As reported on MINI 7.0.0 (Sheehan et al., 1998). Participants could endorse more than one opioid as the most frequently used.
Frequency or sum of sample that endorsed each respective lifetime traumatic event happened to me, witnessed it, learned about it, or part of my job.

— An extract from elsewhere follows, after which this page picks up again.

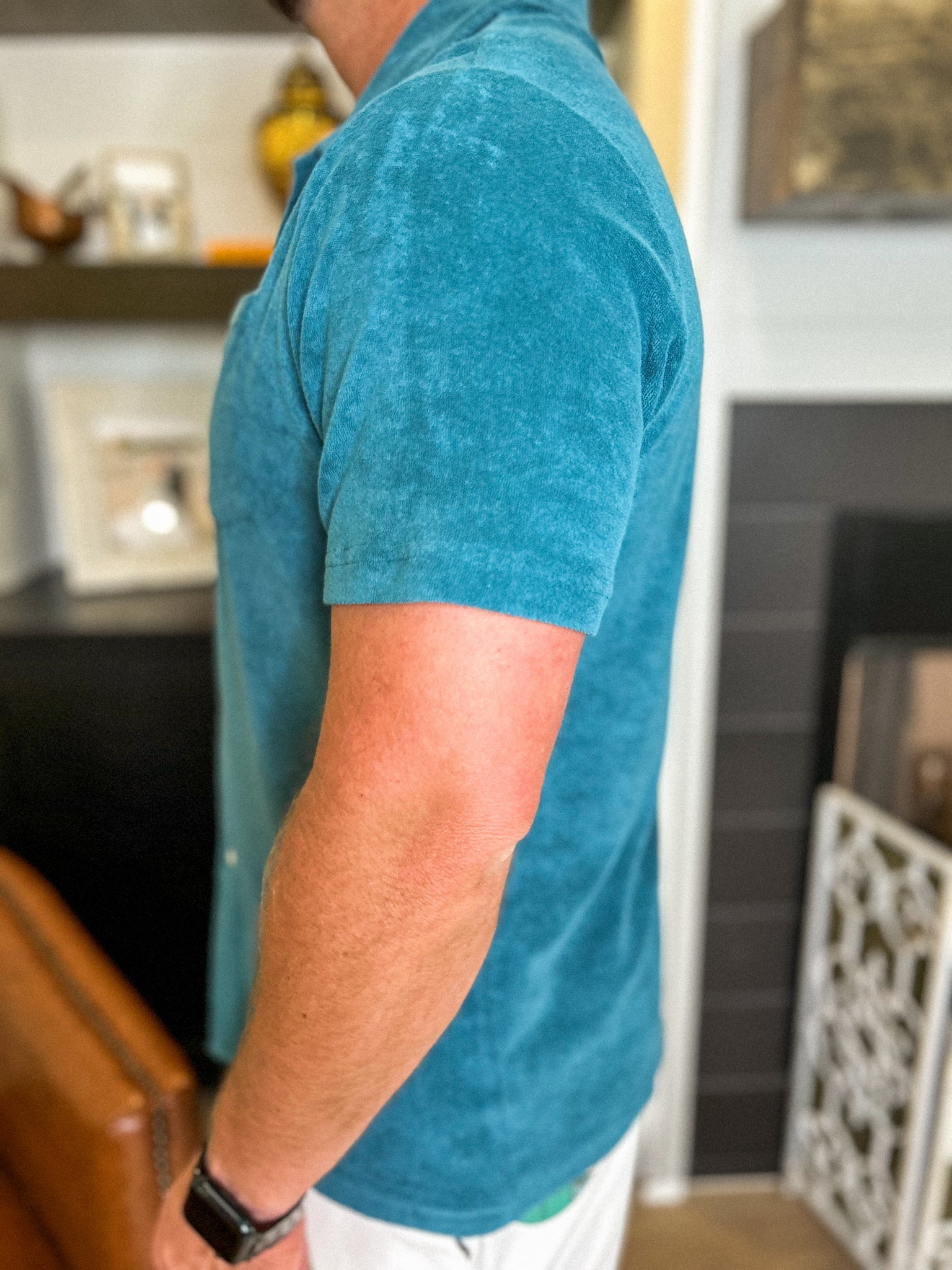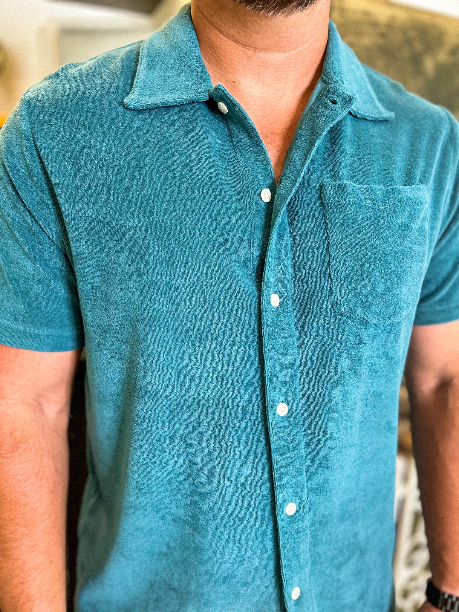 Elevate your summer wardrobe with our Terrycloth Button Down in Hydro. Constructed from a luxurious terrycloth fabric, this shirt keeps you cool and stylish. Perfect for any summer occasion, it's the must-have piece for the stylish and sophisticated individual. Don't sacrifice comfort for style, embrace both with our Hydro shirt.
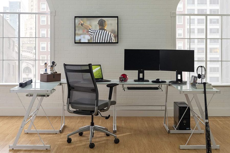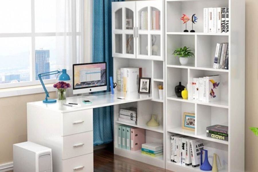 Thiết kế hiện đại với gam màu trắng chủ đạo mang đến một không gian làm việc thoáng đãng cho bạn. Bàn làm việc tối giản với thiết kế chữ L là lựa chọn số 1 hiện nay với những không gian nhỏ.

As shown in Table 2, provider participants (N = 16) were an average of 38.94 (SD = 8.71) years old and 76.5 % identified as a woman. Most provider participants were white (76.5 %) followed by Asian/Asian American (11.8 %) and Black/African American (5.9 %). Most provider participants were psychologists with a Ph.D. (56.3 %) followed by physicians with an M.D./D⋅O (25 %). Provider participants had M = 10.63 (SD = 13.04) years of experience working with patients with OUD and 8.63 (SD = 6.63) years working with patients with trauma/PTSD. The most frequently provided OUD treatment was Relapse Prevention therapy (87.5 %), and the most frequently provided PTSD treatment was Prolonged Exposure therapy (43.8 %). Over a third (37.5 %) of the sample had provided COPE. All providers reported experience with co-occurring OUD/PTSD.
Table 2.
Provider descriptives (N = 16).
| Variables | n (%) / M (SD; Range) |
|---|---|
|
| |
| Age | 38.94 (8.71; 28–58) |
| Men | 3 (18.8 %) |
| Women | 13 (81.3 %) |
| Race | |
| Black/African American | 1 (6.3 %) |
| White | 13 (81.3 %) |
| Asian/Asian-American | 2 (12.5 %) |
| Ethnicity (% non-Hispanic) | 0 (100 %) |
| Education | |
| M.D./D.O. | 4 (25 %) |
| Masters | 2 (12.5 %) |
| Ph.D. | 9 (56.3 %) |
| Psy.D | 1 (6.3 %) |
| Employment (% full time) | 13 (81.3 %) |
| Work setting | |
| Academic medical center | 6 (37.5 %) |
| Community clinic | 1 (6.3 %) |
| Graduate program | 1 (6.3 %) |
| Hospital clinic | 2 (12.5 %) |
| Independent private practice | 1 (6.3 %) |
| Veterans administration | 5 (31.3 %) |
| Primary patient population | |
| Veterans | 5 (31.3 %) |
| Women with OUD | 14 (87.5 %) |
| Women with PTSD or trauma | 15 (93.8 %) |
| Women with OUD and PTSD or trauma | 14 (87.5 %) |
| Years of experience | |
| Working with individuals with opioid use/OUD | 10.63 (13.04; 1–55) |
| Working with individuals with trauma/PTSD | 8.63 (6.63; 1–25) |
| Annual case load of patients with OUD/PTSD (number of patients) | 41.94 (55.89; 0–200) |
| Annual case load of women patients with OUD/PTSD (number of patients) | 29.94 (49.19; 0–150) |
| OUD treatments provided | |
| Medications for OUD | 8 (50.0 %) |
| Relapse prevention therapy | 14 (87.5 %) |
| Contingency management | 2 (12.5 %) |
| Motivational interviewing | 13 (81.3 %) |
| Acceptance and commitment therapy | 2 (12.5 %) |
| Dialectical behavior therapy | 6 (37.5 %) |
| Mindfulness-based relapse prevention skills | 5 (31.3 %) |
| PTSD treatments provided | |
| Prolonged exposure therapy | 7 (43.8 %) |
| Cognitive processing therapy | 6 (37.5 %) |
| Trauma-focused cognitive behavioral therapy | 1 (18.8 %) |
| Psychodynamic trauma therapy | 1 (18.8 %) |
| Medications for PTSD | 5 (31.3 %) |
| Other (e.g., written exposure therapy, STAIR, ACT, present centered therapy) | 5 (31.3 %) |
| Integrated trauma and substance use treatments provided | |
| Seeking safety | 5 (31.3 %) |
| COPE | 6 (37.5 %) |
| Integrated PTSD and MET | 1 (6.3 %) |
Note: OUD = Opioid Use Disorder; PTSD = posttraumatic stress disorder; SUD = substance use disorder; COPE = Concurrent Treatment of PTSD and Substance Use Disorders Using Prolonged Exposure; STAIR = Skills Training in Affective and Interpersonal Regulation, ACT = Acceptance and Commitment Therapy, MET = Motivational and Enhancement Therapy.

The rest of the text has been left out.